[Your assignment]
Copy the data exactly from the line that contains "Організатори надали інформацію" through the line that contains "on LP models)", keeping both end lines and leaving out everything else.
(Provided data Opens)
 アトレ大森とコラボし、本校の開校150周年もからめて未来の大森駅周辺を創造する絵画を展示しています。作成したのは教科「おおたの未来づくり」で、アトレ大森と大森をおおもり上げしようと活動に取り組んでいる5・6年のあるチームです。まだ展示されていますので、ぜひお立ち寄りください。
(Provided data Closes)
(Provided data Opens)
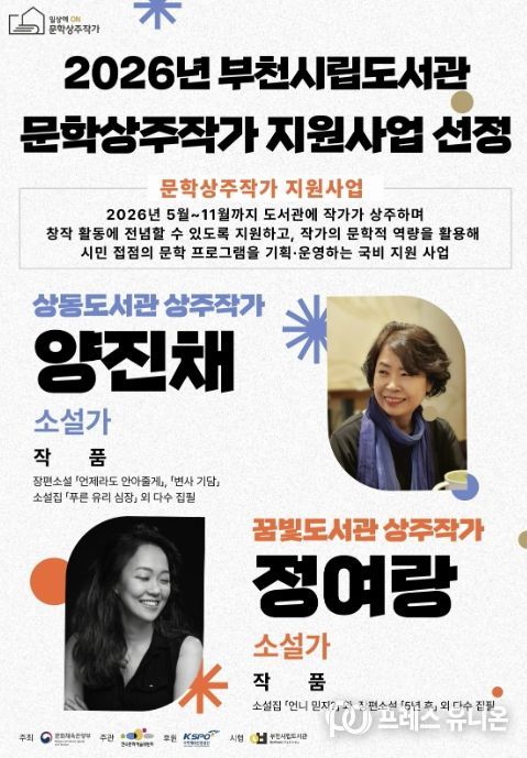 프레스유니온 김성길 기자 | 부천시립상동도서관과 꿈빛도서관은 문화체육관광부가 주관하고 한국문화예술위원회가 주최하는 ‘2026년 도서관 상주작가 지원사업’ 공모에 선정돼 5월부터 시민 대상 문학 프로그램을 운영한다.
(Provided data Closes)
(Provided data Opens)
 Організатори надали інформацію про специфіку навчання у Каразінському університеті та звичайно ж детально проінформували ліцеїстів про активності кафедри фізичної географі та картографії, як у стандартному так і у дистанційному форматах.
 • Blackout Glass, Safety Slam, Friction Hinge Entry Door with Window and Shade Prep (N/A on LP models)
(Provided data Closes)
[Exercise solution]
 Організатори надали інформацію про специфіку навчання у Каразінському університеті та звичайно ж детально проінформували ліцеїстів про активності кафедри фізичної географі та картографії, як у стандартному так і у дистанційному форматах.
 • Blackout Glass, Safety Slam, Friction Hinge Entry Door with Window and Shade Prep (N/A on LP models)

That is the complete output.